Below is a list of currently available research project at RRL. If you are interested in carrying out one of the projects please contact the person responsible.
You can check the previous projects here.
Affective and Immersive Interactive Surfaces Augmenting Visual and Auditory Perception
Section: Mechanical Engineering
Supervisors: Serhat Demirtaş, Prof. Jamie Paik (EPFL)
Number of Credits: 10-12 ECTS (300 hours) or Master Thesis
Timeline: Spring 2023
Humanity steps into a world where reality and imagination seamlessly blend together, as we push the boundaries of what is possible. Through cutting-edge technology, we strive to create immersive tangible environments that not only captivate your visual and auditory senses but also respond to your physical presence, allowing you to interact with reconfigurable surfaces that are able to bear the weight of humans, evoke a wide range of motion primitives, and convey emotions. Inspired by nature, we incorporate an artistic mindset to complement our effort to create a full-body experience into the inner world of a tree, evoking corresponding feelings.

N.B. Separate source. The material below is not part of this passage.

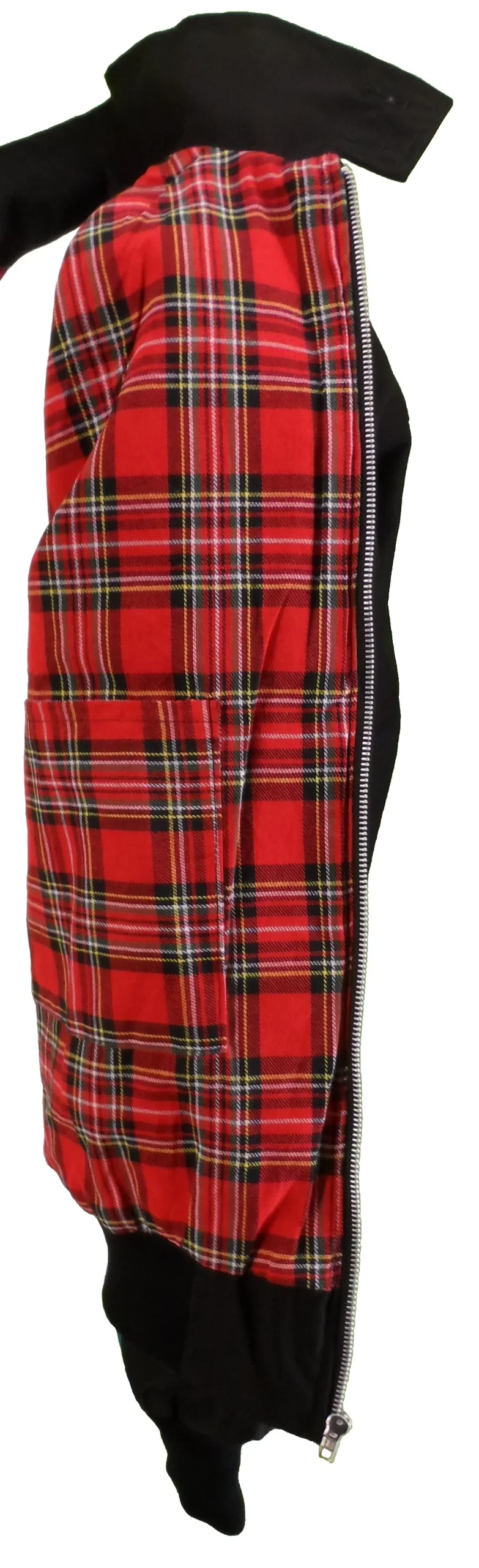 Mazey’s Mens Classic Black Harrington Jacket that’s metal zipped with tartan lining and inner pocket two side pockets with button up flaps collared with the option for buttoning up with two buttons.
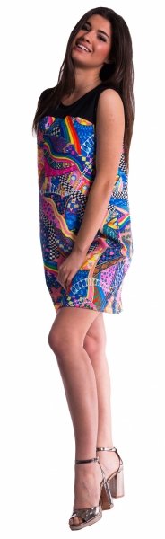 Barevné těhotenské šaty bez rukávů.

If you want to join us in building unforgettable user experiences, please contact us.
More information: http://www.ersinhanersin.co.uk/
Contact: [email protected], [email protected]
Robotic Eye
Section: Mechanical Engineering, Microengineering
Supervisors: Prof. Martin Rolfs (Humboldt-Universität zu Berlin), Prof. Jamie Paik (EPFL)
Number of Credits: 10-12 ECTS (300 hours) or Master Thesis
Timeline: Spring 2023
Humans actively sample information from the visual world, picking up new information with each glance. To do so, we make rapid eye movements (known as saccades) that place the fovea — the central portion of the retina with the highest density of photoreceptors and resolution — at relevant locations of the scene that deserve closer inspection. While the human eye has three axes of rotations, its rotations are specified in a two-dimensional plane (Listing’s plane), and its rapid and frequent movements follow stereotypical kinematic laws. The goal of this thesis project is to implement a robotic eye that is able to faithfully reproduce this behavior in real time.
The project is implemented in collaboration with Prof. Dr. Martin Rolfs (Humboldt-Universität zu Berlin), an expert in oculomotor control and active human perception. The physical implementation of a robotic model of the human eye would have impact in various domains of active human perception research. Its applications would range from the systematic assessment of eye tracking technology to closed-loop experiments on the perception of gaze behavior.
Check paikslab.com for more information.
Contact: [email protected]
Master Projects (with Logitech)
Shape Tunable Mouse
Mechanical development of new designs with increased capabilities. Projects have been conducted on this topic already and but we would like to explore new paths. In this one the transportability constraint would be less important and the shape movement more complex.
Adaptive Simulation Pedals
We would like to try adding some kinesthetic haptic to our simulation pedals. Meaning when the player drives a car in the game he can feel some active feedback from the pedals (road, braking, ESP)
Low Profile Scroll wheel
Thin mice today uses touch areas and there is a loss of physicality. We would like to have a “flat” scroll wheel to keep the physicality of a wheel while it being small in height.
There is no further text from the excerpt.